The normalcy of our lives only a year ago seems like a distant memory compared with what we are all dealing with today. COVID has forced upon us a new way of living, with economic strains
disproportionately carried by certain sectors of our economy.
In Sudbury, the strain is evident on school boards, the YMCA, arts, cultural and social support
organizations, restaurants, and retail businesses with the exception of big box stores.
The level of debt taken on by both federal and provincial governments to deal with the crisis via financial support programs is unprecedented. The federal deficit is estimated to be over ten times 2019 levels at $343 billion, raising the federal debt to over $1.1 trillion dollars.
Similarly, the provincial deficit is estimated to be over $38 billion.
This astounding level of debt increase not seen since the Second World War will ultimately result in austerity when the financial hangover ensues.
In the years to come, the city will receive less money from higher levels of government through transfer payments and support programs. This at a time of a higher demand from the various impaired entities in Sudbury.
Financially, things are going to get tougher in the post-COVID world for municipalities and taxpayers.
The rise of on-line shopping (and gambling), work-at-home programs and the fear of social gatherings are behaviours that will, to some extent, remain intact in our post-COVID world.
The pandemic has heavily impacted casinos in Ontario. On Sept. 30, Rob Mitchell of Gateway Casinos made the following statement when asked why construction on the Wonderland Road Casino Development in London has stopped.
“At this time, all our resources are focused on reopening our existing casinos and adjusting to the challenges of the ‘new normal’ that COVID-19 has brought to the gaming industry. Under present circumstances, it is difficult to forecast when development projects can resume until we better understand the impact of COVID-19 on our existing operations. All of these concerns impact the planning, timing, and design of projects.”
Key takeaways from this statement are that COVID has made the future of casinos uncertain and Gateway is wisely suspending all projects until they can understand the impact of COVID on existing operations.
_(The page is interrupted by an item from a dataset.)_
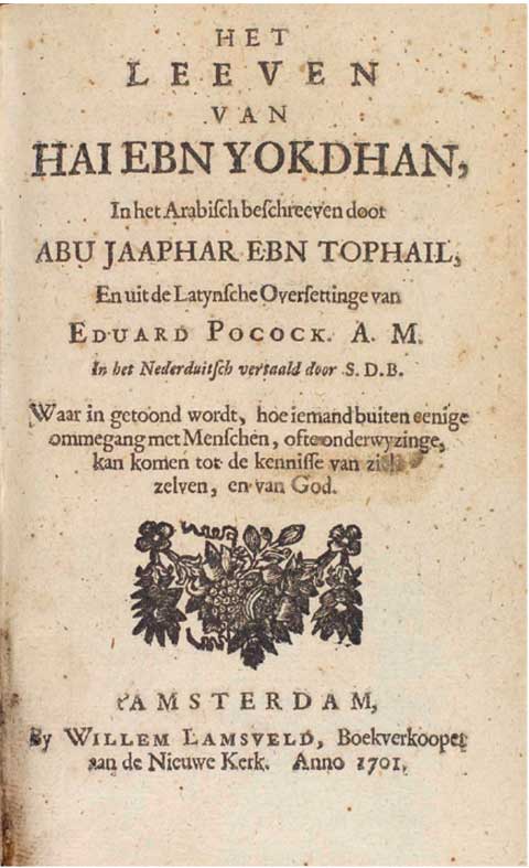 Det er tydeligt nok ibn Tufayl og Historien om Hayy ibn Yaqzan, der er tale om her. Simon Ockley’s engelske udgave var kommet i 1708 og blev optrykt flere gange i det tidlige attende århundrede. Det var den første oversættelse til engelsk efter den arabiske tekst, som den store Oxford-

Gateway concedes the impact of COVID may change “planning, timing and design of projects.”
This leaves many questions to be answered.
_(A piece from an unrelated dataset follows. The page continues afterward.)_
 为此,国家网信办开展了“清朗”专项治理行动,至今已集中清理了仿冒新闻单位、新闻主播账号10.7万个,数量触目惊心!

Will the predominantly seniors-based patrons return to casinos at their pre-COVID levels in the post-COVID world?
Will the decline in casino revenues continue, and accelerate post-COVID? Gambling revenue at the Slots in Chelmsford in 2012 was $50.2 million, and by 2019 it had eroded to $39.6 million, based on payments made to the city.
Is a $60 million casino development still viable in Sudbury post-COVID?
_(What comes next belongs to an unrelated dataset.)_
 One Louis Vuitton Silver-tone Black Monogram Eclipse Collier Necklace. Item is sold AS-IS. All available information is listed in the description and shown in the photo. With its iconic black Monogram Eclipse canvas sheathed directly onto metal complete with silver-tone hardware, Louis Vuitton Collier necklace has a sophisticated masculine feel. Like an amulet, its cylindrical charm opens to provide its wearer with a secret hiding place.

The bottom line is that Gateway will reconsider their options when the COVID crisis is over. This may be years from now. We should expect that projects will be smaller, more automated (less employees), and less profitable than anticipated pre-COVID.
Regardless of the decision of LPAT, should the city pause the KED until there is certainty in the future viability of both, the project, and the level of contribution of the partners? Given the radical changes COVID has forced upon consumer behaviour, and the impending impairment of municipal finances, should other options be considered?
I think so, because COVID changes everything.